Background information
- Born: March 10, 1969 (age 57) New York City, U.S.
- Genres: Hardcore punk, post-hardcore, alternative rock, alternative metal
- Occupations: Musician, record producer
- Instruments: Vocals, guitar, bass guitar, piano
- Years active: 1985–present
- Label: Big Scary Monsters
- Member of: Youth of Today, Gorilla Biscuits, Quicksand, Rival Schools, Walking Concert, Dead Heavens
- Formerly of: CIV, Vanishing Life, Moon Dog, World's Fastest Car, Walter and the Motorcycles

= Walter Schreifels =

American rock musician

Walter Arthur Schreifels (born March 10, 1969) is an American rock musician from New York City.

== Career ==
In the late 1980s, he played in many New York hardcore bands, most notably Youth of Today and Gorilla Biscuits, where he was also the songwriter and lyricist. After Gorilla Biscuits broke up, he formed the short-lived Moondog, releasing only a bootleg 7" record. Moondog would transition into the more aggressive post-hardcore band Quicksand. Quicksand went on hiatus in the late nineties. He also collaborated with his former Gorilla Biscuits bandmates in the melodic hardcore band CIV, writing much of their first LP and one song on their follow-up LP despite not actually playing on the record. He went on to start World's Fastest Car, a relatively short-lived project. The band recorded a demo and an EP, neither of which have been officially released. The EP was supposed to be released by Revelation Records, but that never came to fruition due to their breakup. Later, he helped create the melodic indie rock-styled band Rival Schools. After Rival Schools' dissolution, he went on to form Walter and the Motorcycles, who recorded but never released a self-titled LP and played a few shows but quickly broke up. Walking Concert, his next project, was heavily influenced by classic British acts such as Elvis Costello, The Kinks, Syd Barrett, David Bowie and The Smiths. In addition to a new solo acoustic LP scheduled for release in 2008, Schreifels reformed Rival Schools in June 2008 with plans to release a new album. In October 2009, he appeared on "Memoria: A Tribute to the Alternative 90s" (Yr Letter Records) with "When You Sleep", a My Bloody Valentine cover. In 2014, Schreifels joined a blues rock band that would come to be known as Dead Heavens.

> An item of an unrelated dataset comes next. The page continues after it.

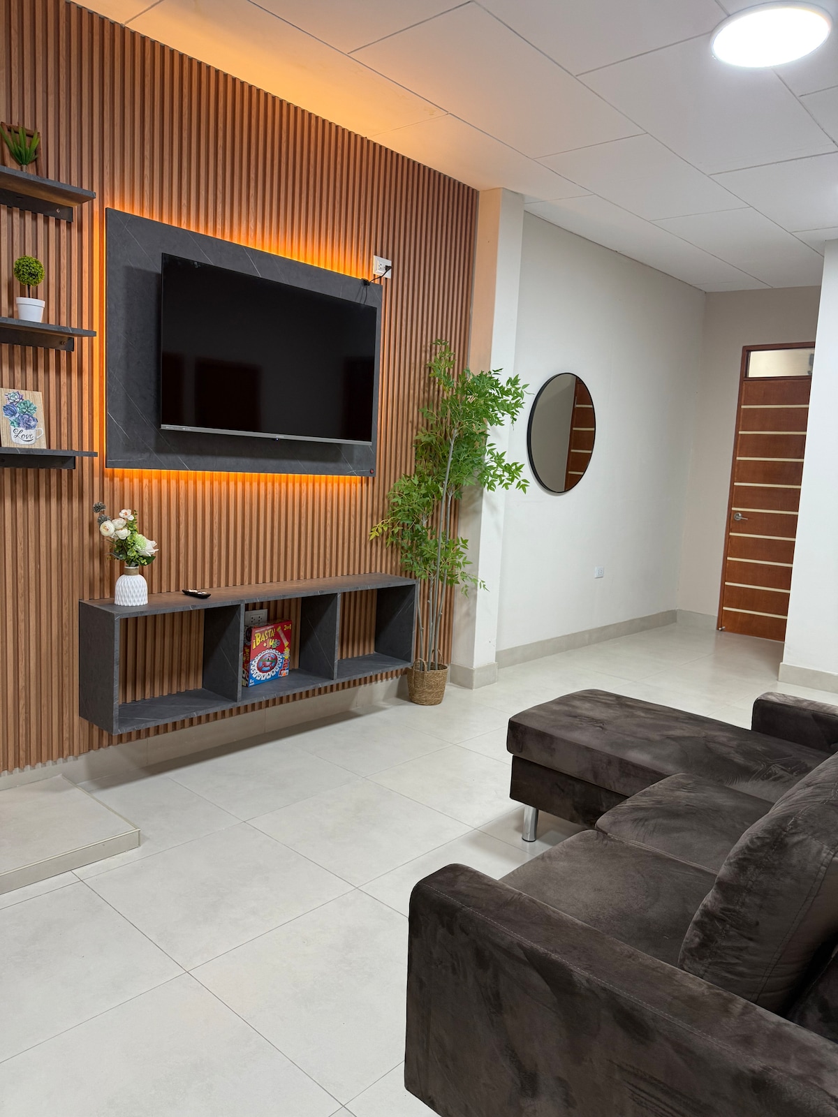 Bienvenidos a nuestro acogedor departamento, perfecto para hasta 4 huéspedes. Disfruten de una habitación con cama 2 plazas y 2 camas plegables adicionales. La estancia cuenta con una sala-comedor y una cocina totalmente equipada (microondas, hervidor, wafflera, etc). Relájense con TV de 50" smart, DirecTV, y naveguen con internet satelital Starlink. Su ubicación céntrica y tranquila lo convierte en el refugio perfecto. A solo 5 cuadras de la Plaza de Armas de Iquitos, cerca de todo lo necesario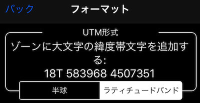 設定> [座標形式]でUTM行設定をタップして、新しいUTM形式の画面を開きます。 「Hemisphere」(デフォルト)と「Latitude band」から選択できます。

On November 16, 2010, Rival Schools released the deluxe single for "Shot After Shot" on iTunes from the forthcoming record Pedals, which was released in March 2011.

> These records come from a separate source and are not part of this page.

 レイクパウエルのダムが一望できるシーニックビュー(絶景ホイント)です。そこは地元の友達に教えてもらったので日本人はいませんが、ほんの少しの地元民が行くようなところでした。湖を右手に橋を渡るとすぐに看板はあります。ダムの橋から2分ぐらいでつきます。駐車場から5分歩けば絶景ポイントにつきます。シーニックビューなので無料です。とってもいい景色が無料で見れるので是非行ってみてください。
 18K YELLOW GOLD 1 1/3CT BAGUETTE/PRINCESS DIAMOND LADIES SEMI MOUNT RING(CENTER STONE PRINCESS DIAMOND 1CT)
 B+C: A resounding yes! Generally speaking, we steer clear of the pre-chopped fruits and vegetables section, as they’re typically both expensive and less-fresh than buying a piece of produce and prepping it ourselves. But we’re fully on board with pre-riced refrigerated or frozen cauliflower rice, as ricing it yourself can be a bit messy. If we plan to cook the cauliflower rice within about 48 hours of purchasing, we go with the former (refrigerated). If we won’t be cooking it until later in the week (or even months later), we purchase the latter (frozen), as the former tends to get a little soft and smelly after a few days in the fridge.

As a producer, he has worked with such hardcore-related bands as Hot Water Music, Sinch, The First Step and Title Fight. He produced the EP Deer Strutter, the first from the UK band Cars As Weapons, and a full length titled Days Above Ground from Australian post-hardcore band, Paper Arms. He is also part owner of the record label Some Records. He produced hardcore/pop punk act Title Fight's first full length titled Shed.

=== Solo ===
On May 4, 2010, Schreifels released his first solo album, An Open Letter to the Scene, on Big Scary Monsters Recording Company (UK), Academy Fight Song (U.S.), Dine Alone Records (Canada) and Arctic Rodeo (Europe). In support of the album release, Schreifels announced a 12-date UK tour. The album features 10 tracks on CD and 11 on vinyl, including covers of songs by Agnostic Front, CIV, and My Bloody Valentine (vinyl version only). The CIV song he covered, "Don't Gotta Prove It", was written by Schreifels.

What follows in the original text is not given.